──────── Information given
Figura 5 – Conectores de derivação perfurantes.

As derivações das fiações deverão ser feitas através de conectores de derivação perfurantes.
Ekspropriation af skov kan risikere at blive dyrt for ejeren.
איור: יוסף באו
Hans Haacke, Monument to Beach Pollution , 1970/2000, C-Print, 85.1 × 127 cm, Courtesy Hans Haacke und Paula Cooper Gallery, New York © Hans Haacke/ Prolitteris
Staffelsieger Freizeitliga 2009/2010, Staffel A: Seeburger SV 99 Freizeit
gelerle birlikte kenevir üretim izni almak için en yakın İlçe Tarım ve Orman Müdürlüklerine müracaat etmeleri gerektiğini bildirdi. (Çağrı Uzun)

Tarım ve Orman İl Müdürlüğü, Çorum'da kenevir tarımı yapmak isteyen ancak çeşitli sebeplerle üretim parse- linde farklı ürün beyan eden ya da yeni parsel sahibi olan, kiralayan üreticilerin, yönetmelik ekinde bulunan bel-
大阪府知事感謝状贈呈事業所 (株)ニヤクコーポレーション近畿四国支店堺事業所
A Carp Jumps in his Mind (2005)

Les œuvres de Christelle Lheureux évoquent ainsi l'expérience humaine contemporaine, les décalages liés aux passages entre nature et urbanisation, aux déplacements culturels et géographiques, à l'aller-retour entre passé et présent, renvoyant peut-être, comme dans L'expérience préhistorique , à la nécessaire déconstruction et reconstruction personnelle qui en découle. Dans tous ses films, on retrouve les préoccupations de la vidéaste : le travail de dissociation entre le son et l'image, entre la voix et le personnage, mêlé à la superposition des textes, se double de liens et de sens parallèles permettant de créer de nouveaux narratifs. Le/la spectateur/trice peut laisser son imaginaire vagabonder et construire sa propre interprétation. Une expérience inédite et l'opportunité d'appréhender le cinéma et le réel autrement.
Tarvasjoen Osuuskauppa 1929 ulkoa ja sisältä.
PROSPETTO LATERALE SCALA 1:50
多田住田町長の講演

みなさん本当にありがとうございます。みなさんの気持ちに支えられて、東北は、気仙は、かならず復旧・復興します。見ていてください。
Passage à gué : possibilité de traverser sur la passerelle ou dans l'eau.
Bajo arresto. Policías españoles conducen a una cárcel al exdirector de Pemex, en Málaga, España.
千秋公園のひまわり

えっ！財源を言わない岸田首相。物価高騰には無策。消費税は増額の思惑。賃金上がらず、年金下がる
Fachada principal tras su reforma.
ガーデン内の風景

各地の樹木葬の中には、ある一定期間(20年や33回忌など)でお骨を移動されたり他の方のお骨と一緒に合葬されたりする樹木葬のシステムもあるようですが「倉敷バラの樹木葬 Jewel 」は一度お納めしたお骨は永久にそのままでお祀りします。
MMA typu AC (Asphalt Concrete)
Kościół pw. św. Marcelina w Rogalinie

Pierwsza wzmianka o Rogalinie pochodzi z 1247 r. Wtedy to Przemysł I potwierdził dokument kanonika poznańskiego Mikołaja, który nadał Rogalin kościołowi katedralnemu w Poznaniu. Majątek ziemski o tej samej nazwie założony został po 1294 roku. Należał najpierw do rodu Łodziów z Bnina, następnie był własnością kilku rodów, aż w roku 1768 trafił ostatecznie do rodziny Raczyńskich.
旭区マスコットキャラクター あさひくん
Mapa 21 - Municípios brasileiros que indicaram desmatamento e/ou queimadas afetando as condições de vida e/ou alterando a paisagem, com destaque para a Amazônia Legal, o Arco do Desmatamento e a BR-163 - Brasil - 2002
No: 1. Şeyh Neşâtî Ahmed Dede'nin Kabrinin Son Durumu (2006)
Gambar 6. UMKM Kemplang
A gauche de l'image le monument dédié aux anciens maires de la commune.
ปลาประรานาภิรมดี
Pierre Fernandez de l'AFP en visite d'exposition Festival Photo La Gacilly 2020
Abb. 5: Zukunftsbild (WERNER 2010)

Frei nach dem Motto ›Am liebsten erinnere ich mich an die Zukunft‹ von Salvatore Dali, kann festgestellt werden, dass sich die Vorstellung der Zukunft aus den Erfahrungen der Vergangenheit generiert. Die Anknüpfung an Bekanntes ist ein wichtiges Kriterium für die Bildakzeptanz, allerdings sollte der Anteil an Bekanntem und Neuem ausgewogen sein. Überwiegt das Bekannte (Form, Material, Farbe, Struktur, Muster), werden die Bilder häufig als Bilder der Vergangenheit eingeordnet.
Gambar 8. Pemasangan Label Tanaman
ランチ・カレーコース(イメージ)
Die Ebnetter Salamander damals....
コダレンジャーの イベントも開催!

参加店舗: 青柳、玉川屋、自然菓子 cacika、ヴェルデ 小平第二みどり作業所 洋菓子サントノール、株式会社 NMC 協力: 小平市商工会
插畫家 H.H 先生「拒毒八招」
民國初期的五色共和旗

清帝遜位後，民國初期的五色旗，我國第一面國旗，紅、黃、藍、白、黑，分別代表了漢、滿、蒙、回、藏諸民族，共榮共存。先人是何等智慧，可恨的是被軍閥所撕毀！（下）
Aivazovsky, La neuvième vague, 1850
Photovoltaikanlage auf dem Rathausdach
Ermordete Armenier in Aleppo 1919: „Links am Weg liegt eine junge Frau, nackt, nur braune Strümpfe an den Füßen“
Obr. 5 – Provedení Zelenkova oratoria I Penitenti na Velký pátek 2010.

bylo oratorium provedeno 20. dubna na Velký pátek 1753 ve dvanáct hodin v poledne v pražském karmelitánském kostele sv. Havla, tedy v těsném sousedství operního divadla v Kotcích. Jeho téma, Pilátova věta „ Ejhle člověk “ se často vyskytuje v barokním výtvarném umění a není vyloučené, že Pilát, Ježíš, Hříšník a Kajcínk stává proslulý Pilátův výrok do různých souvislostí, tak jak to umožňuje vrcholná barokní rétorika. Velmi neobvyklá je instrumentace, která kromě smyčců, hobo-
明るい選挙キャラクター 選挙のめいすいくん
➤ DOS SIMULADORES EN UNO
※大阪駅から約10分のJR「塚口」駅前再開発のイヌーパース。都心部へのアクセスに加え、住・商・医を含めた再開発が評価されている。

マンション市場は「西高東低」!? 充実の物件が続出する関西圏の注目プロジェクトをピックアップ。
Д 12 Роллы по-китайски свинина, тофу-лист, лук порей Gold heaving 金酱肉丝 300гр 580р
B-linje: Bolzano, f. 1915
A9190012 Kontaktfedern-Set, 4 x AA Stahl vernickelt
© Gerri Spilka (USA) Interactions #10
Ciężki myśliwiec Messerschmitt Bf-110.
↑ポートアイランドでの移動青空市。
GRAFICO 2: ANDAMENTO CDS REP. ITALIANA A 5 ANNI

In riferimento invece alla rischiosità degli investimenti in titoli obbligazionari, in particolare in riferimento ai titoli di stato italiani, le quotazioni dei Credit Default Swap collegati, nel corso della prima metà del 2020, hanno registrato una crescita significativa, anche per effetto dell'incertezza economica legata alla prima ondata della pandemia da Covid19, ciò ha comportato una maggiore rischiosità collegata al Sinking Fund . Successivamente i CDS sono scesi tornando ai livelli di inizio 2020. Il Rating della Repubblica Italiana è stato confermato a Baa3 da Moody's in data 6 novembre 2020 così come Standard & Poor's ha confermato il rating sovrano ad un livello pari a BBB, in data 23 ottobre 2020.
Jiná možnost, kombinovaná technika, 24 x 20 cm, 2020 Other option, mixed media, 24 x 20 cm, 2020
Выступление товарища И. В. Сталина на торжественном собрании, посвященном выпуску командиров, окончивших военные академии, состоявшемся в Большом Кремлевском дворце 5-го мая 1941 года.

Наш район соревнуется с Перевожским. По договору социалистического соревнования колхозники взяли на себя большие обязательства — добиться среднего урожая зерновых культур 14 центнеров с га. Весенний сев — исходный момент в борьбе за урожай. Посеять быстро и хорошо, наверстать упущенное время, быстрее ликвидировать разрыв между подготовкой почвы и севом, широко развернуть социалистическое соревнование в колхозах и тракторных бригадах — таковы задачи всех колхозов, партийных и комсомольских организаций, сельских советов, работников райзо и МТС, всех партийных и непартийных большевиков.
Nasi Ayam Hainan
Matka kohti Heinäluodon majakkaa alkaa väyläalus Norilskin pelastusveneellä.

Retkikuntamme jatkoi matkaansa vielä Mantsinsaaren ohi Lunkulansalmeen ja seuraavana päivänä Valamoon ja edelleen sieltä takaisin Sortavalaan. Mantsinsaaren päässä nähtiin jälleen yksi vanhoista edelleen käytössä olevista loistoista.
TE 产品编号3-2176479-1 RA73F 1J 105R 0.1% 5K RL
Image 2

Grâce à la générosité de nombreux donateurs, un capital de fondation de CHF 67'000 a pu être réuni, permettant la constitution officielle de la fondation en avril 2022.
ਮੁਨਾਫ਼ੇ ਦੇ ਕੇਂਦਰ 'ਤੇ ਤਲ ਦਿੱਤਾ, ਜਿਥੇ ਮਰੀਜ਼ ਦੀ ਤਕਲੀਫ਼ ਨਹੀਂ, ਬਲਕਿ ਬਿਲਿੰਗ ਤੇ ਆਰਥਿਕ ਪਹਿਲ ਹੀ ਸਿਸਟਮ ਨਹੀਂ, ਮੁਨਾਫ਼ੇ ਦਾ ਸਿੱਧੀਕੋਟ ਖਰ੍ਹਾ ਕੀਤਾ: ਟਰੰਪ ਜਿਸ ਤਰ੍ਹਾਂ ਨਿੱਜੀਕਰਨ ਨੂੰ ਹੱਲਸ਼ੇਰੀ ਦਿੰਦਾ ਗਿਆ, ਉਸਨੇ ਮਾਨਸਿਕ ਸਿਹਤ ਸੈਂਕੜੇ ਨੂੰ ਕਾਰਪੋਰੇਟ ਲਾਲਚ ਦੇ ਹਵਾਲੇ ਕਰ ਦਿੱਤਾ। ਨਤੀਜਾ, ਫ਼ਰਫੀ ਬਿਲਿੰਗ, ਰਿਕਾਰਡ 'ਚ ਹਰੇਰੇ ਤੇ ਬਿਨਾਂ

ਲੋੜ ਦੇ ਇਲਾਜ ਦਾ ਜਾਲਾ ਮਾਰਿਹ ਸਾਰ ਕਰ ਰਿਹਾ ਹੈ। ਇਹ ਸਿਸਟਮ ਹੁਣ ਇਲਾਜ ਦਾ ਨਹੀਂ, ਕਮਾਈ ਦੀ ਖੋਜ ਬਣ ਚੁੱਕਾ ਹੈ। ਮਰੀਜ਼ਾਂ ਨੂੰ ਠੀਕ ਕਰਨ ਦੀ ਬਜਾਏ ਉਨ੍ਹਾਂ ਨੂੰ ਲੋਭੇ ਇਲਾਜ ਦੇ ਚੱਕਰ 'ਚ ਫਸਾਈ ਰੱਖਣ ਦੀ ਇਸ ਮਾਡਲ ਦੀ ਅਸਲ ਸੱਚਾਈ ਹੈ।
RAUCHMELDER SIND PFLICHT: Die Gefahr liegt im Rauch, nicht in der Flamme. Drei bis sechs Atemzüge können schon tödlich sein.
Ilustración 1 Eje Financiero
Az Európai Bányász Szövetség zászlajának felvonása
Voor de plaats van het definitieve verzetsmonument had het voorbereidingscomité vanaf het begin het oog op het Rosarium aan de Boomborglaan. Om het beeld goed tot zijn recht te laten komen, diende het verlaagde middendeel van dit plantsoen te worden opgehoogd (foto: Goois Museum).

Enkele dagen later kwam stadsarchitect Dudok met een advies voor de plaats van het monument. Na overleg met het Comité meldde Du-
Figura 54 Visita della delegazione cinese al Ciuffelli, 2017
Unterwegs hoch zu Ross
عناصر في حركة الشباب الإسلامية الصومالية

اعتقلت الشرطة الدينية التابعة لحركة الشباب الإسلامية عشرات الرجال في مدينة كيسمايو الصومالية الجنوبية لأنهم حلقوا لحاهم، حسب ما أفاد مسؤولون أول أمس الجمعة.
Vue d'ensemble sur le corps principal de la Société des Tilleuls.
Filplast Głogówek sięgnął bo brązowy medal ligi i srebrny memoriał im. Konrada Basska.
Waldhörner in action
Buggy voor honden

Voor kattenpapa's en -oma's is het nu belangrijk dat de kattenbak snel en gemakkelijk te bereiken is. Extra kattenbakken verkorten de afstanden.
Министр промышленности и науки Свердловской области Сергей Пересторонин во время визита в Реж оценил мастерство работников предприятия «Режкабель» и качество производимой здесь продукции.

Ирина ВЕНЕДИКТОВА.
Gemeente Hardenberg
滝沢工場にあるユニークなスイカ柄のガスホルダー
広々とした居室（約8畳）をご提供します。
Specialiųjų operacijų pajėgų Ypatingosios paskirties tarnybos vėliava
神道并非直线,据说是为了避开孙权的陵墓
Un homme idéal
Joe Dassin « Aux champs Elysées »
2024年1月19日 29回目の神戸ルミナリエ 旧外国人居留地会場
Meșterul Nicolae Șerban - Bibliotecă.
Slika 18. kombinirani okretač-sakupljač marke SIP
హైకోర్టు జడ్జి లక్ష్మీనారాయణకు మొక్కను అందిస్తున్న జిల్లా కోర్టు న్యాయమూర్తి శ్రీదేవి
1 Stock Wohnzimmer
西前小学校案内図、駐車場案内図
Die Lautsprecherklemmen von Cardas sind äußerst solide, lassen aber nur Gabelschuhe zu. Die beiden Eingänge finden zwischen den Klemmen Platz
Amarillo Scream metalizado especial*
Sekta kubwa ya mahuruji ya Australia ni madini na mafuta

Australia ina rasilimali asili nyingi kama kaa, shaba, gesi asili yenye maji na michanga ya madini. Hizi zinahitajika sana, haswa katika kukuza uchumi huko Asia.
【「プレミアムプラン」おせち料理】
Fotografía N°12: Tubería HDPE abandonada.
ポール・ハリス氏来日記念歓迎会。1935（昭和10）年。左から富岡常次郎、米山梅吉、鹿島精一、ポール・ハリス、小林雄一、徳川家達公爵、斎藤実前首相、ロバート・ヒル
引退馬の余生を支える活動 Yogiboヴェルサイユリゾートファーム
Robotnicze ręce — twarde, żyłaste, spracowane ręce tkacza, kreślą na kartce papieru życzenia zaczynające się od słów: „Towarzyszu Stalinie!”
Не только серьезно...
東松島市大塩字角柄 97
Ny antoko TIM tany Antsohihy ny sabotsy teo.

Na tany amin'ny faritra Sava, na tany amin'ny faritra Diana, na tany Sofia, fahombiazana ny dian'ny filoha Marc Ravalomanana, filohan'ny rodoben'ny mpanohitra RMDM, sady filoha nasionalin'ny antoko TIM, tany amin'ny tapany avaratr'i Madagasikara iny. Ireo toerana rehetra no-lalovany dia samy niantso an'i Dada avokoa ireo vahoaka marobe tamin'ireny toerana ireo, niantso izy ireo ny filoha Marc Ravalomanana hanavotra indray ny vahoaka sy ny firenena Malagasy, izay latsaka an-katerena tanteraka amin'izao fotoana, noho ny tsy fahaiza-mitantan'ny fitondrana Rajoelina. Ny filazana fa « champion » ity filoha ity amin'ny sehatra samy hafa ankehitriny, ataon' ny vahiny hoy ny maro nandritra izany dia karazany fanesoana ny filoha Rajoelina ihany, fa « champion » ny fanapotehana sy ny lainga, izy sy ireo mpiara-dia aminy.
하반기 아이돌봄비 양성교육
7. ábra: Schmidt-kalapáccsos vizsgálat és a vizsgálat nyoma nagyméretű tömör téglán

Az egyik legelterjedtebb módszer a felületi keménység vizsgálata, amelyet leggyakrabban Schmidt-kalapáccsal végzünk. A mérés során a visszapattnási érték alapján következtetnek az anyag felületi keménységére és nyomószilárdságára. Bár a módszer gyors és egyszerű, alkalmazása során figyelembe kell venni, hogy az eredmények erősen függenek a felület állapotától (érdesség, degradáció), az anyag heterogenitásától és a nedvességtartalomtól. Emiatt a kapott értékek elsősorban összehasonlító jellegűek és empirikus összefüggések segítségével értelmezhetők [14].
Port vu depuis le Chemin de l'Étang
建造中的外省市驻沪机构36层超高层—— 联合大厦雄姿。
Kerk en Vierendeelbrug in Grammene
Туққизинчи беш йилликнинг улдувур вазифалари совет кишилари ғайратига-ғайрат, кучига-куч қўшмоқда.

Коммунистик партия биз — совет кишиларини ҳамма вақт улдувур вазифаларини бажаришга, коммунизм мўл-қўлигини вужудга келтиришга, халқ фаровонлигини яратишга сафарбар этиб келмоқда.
────────────────
- [Brief]:
Nothing but the lines from the one with "Туққизинчи беш йилликнинг" to the last line of the data should appear in the answer, each exactly as it stands.

- [Solution]:
Туққизинчи беш йилликнинг улдувур вазифалари совет кишилари ғайратига-ғайрат, кучига-куч қўшмоқда.

Коммунистик партия биз — совет кишиларини ҳамма вақт улдувур вазифаларини бажаришга, коммунизм мўл-қўлигини вужудга келтиришга, халқ фаровонлигини яратишга сафарбар этиб келмоқда.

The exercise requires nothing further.